We conclude that the goodness-of-fit in the quantile plots seems unconvincing,
even if the other plots appear to be reasonable. This is due to the fact that
the excesses can not be considered as independent: the transformed series
:math:`\tilde{X}_i` has a rich structure of temporal dependence.

.. GENERATED FROM PYTHON SOURCE LINES 138-142

.. code-block:: Python

    validation = otexp.GeneralizedParetoValidation(result_LL, scalTransfDataDJ)
    graph = validation.drawDiagnosticPlot()
    view = otv.View(graph)


.. image-sg:: /auto_data_analysis/distribution_fitting/images/sphx_glr_plot_estimate_gpd_dowjones_004.png
   :alt: , Sample versus model PP-plot, Sample versus model QQ-plot, Return level plot, Density
   :srcset: /auto_data_analysis/distribution_fitting/images/sphx_glr_plot_estimate_gpd_dowjones_004.png
   :class: sphx-glr-single-img


.. GENERATED FROM PYTHON SOURCE LINES 143-161

**Stationary GPD modeling taking into account the dependence in data**

We illustrate the fact that the excesses of the transformed series happen in
groups.
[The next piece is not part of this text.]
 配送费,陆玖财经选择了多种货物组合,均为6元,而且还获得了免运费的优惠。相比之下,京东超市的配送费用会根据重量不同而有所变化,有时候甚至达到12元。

Hence we use the declustering method
which filters the dependent observations exceeding a given threshold to obtain a
set of threshold excesses that can be assumed as independent.
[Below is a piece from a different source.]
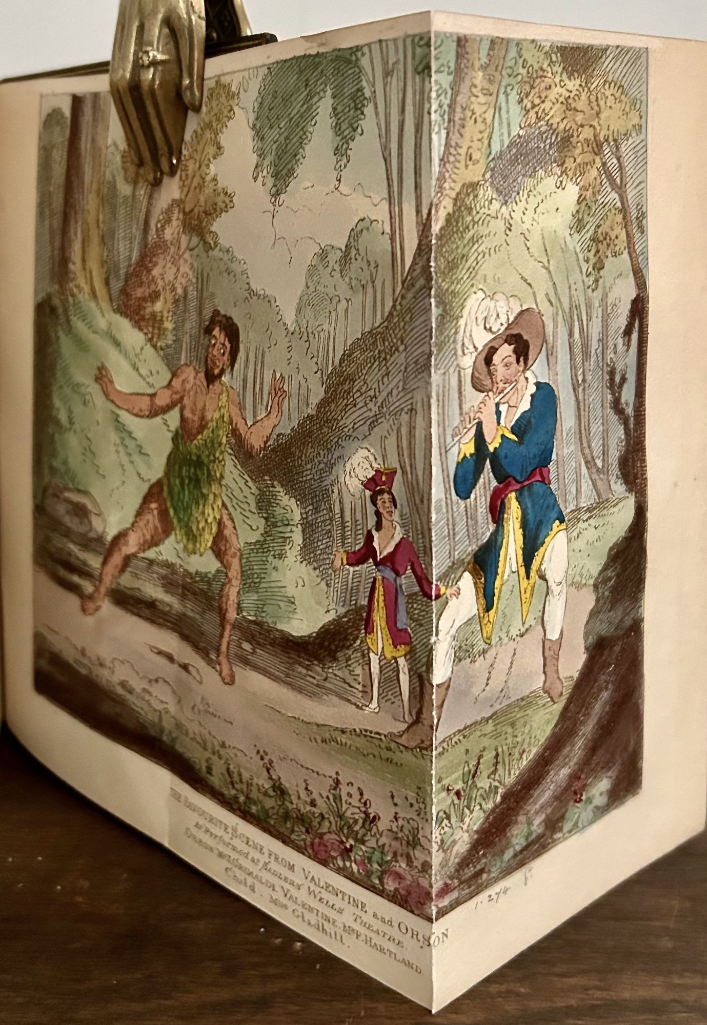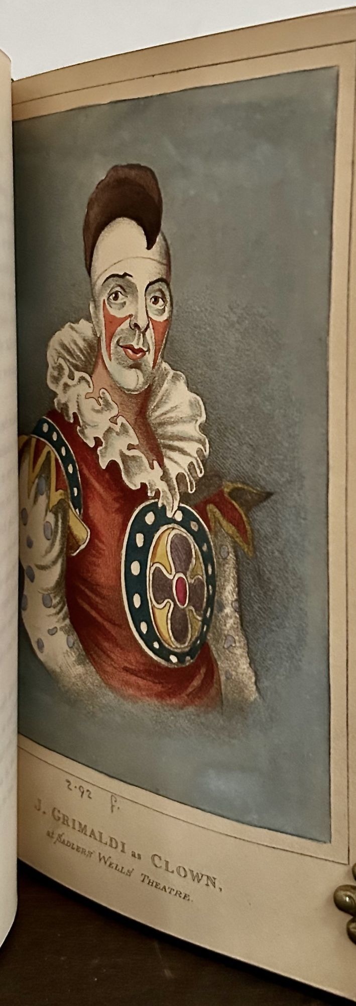 London: Richard Bentley, 1838. First edition, second issue. leather_bound. Full green levant with large central pictorial inlays of Grimaldi as a clown and as another theatrical character in various color morocco's within a geometric gilt frame. Aeg. Two vols. Cruikshank, George. 288, 263 pages. 19 x 12.5 cm. Half–titles, EXTRA–ILLUSTRATED WITH 61 ENGRAVINGS including the 12 etchings by George Cruikshank, many hand–colored and folding (including a play bill from the Drury Lane Theater announcing his last public appearance, Friday, June 27. 1828), several proofs before letters. Grimaldi was considered the most celebrated of English clowns, know particularly for his pantomime. An early work of Dickens, who wrote the preface, the last chapter, and edited this work on the famous English actor and clown according to Johnson's biography. Gilt stamped, bound by Baytun; issue with the plate "Last Song" without a border. Spine in six compartments, raised bands gilt lettered, inner dentelles, original brown cloth bound in at end, marbled endpapers with spine lettered at foot noting "Extra Illustrated." ECKLES p.152-153. GIMBEL B64.

Consecutive exceedances of :math:`u` belong to the same cluster. Two distinct
clusters are separated by :math:`r` consecutive observations under the
threshold. Within each cluster, we select the maximum value that will be used to
infer the GPD distribution. The cluster maxima are assumed to be independent.

On the graph, we show the clusters over the threshold :math:`u=2`
and all the maxima selected within each cluster.
It is possible to extract the data belonging to the same cluster and the
cluster maximum series.
We denote by :math:`n_c` the number of clusters and
by :math:`n_u` the number of exceedances above :math:`u`.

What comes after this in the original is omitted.